From: Roman Gushchin <guro@fb.com>
To: Qais Yousef <qais.yousef@arm.com>
Cc: Peter Zijlstra <peterz@infradead.org>,
	Ingo Molnar <mingo@redhat.com>,
	Mel Gorman <mgorman@techsingularity.net>, <bpf@vger.kernel.org>,
	<linux-kernel@vger.kernel.org>
Subject: Re: [PATCH rfc 0/6] Scheduler BPF
Date: Mon, 11 Oct 2021 11:09:35 -0700	[thread overview]
Message-ID: <YWR9339EvxX6Ld1U@carbon.dhcp.thefacebook.com> (raw)
In-Reply-To: <20211011163852.s4pq45rs2j3qhdwl@e107158-lin.cambridge.arm.com>

On Mon, Oct 11, 2021 at 05:38:52PM +0100, Qais Yousef wrote:
> Hi Roman
> 
> On 10/06/21 11:50, Roman Gushchin wrote:
> > On Wed, Oct 06, 2021 at 05:39:49PM +0100, Qais Yousef wrote:
> > > Hi Roman
> > > 
> > > On 09/16/21 09:24, Roman Gushchin wrote:
> > > > There is a long history of distro people, system administrators, and
> > > > application owners tuning the CFS settings in /proc/sys, which are now
> > > > in debugfs.

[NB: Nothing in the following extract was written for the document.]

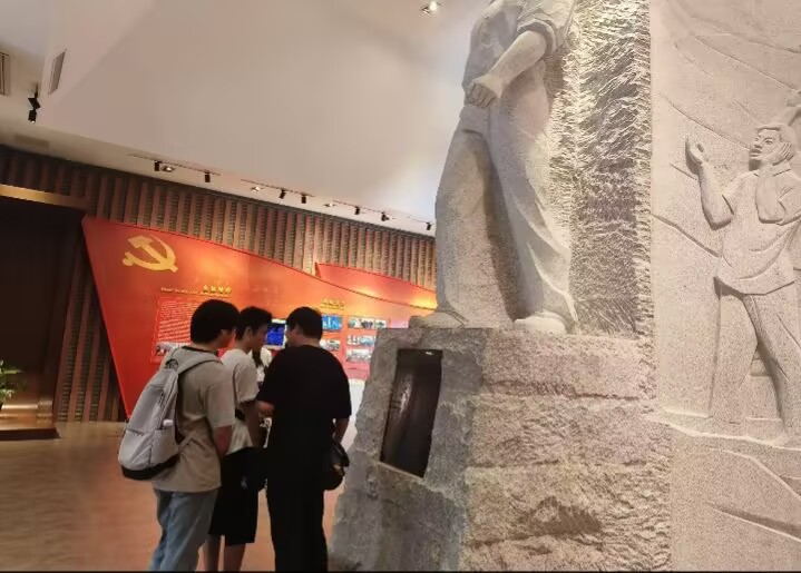 實踐首站,團隊成員懷著崇敬之心踏入了這座承載著中國農(nóng)村變革起點的大包干紀念館。館內(nèi),栩栩如生的歷史場景雕塑,再現(xiàn) 了小崗村十八位農(nóng)民按下“紅手印”、簽訂“生死狀”的壯舉瞬 間。展柜中陳列的泛黃的契約書原稿,是中國農(nóng)村命運改變的關(guān) 鍵見證;墻上珍貴的歷史照片與詳實的領(lǐng)導人視察資料,無聲訴 說著從“大包干”星火到燎原神州大地的波瀾壯闊歷程。同學們 凝視著文物,用鏡頭定格這些承載著民族記憶的文物。最后,實 踐團全體成員在紀念館前合影留念。而身后,“大包干紀念館”幾個大字,也定格了青年學子追尋初心的堅實一步。

Looking at what these settings actually did, it ended up
> > > > boiling down to changing the likelihood of task preemption, or
> > > > disabling it by setting the wakeup_granularity_ns to more than half of
> > > > the latency_ns. The other settings didn't really do much for
> > > > performance.
> > > > 
> > > > In other words, some our workloads benefit by having long running tasks
> > > > preempted by tasks handling short running requests, and some workloads
> > > > that run only short term requests which benefit from never being preempted.
> > > 
> > > We had discussion about introducing latency-nice hint; but that discussion
> > > didn't end up producing any new API. Your use case seem similar to Android's;
> > > we want some tasks to run ASAP. There's an out of tree patch that puts these
> > > tasks on an idle CPU (keep in mind energy aware scheduling in the context here)
> > > which seem okay for its purpose. Having a more generic solution in mainline
> > > would be nice.
> > > 
> > > https://lwn.net/Articles/820659/ 
> > 
> > Hello Qais!
> > 
> > Thank you for the link, I like it!
> > 
> > > 
> > > > 
> > > > This leads to a few observations and ideas:
> > > > - Different workloads want different policies. Being able to configure
> > > >   the policy per workload could be useful.
> > > > - A workload that benefits from not being preempted itself could still
> > > >   benefit from preempting (low priority) background system tasks.
> > > 
> > > You can put these tasks as SCHED_IDLE. There's a potential danger of starving
> > > these tasks; but assuming they're background and there's idle time in the
> > > system that should be fine.
> > > 
> > > https://lwn.net/Articles/805317/ 
> > > 
> > > That of course assuming you can classify these background tasks..
> > > 
> > > If you can do the classification, you can also use cpu.shares to reduce how
> > > much cpu time they get. Or CFS bandwidth controller
> > > 
> > > https://lwn.net/Articles/844976/ 
> > 
> > The cfs cgroup controller is that it's getting quite expensive quickly with the
> > increasing depth of the cgroup tree. This is why we had to disable it for some
> > of our primary workloads.
> 
> I can understand that..
> 
> > 
> > Still being able to control latencies on per-cgroup level is one of the goals
> > of this patchset.
> > 
> > > 
> > > I like Androd's model of classifying tasks. I think we need this classification
> > > done by other non-android systems too.
> > > 
> > > > - It would be useful to quickly (and safely) experiment with different
> > > >   policies in production, without having to shut down applications or reboot
> > > >   systems, to determine what the policies for different workloads should be.
> > > 
> > > Userspace should have the knobs that allows them to tune that without reboot.
> > > If you're doing kernel development; then it's part of the job spec I'd say :-)
> > 
> > The problem here occurs because there is no comprehensive way to test any
> > scheduler change rather than run it on many machines (sometimes 1000's) running
> > different production-alike workloads.
> > 
> > If I'm able to test an idea by loading a bpf program (and btw have some sort of
> > safety guarantees: maybe the performance will be hurt, but at least no panics),
> > it can speed up the development process significantly. The alternative is way
> > more complex from the infrastructure's point of view: releasing a custom kernel,
> > test it for safety, reboot certain machines to it, pin the kernel from being
> > automatically updated etc.
> 
> This process is unavoidable IMO. Assuming you have these hooks in; as soon as
> you require a new hook you'll be forced to have a custom kernel with that new
> hook introduced. Which, in my view, no different than pushing a custom kernel
> that forces the function of interest to be noinline. Right?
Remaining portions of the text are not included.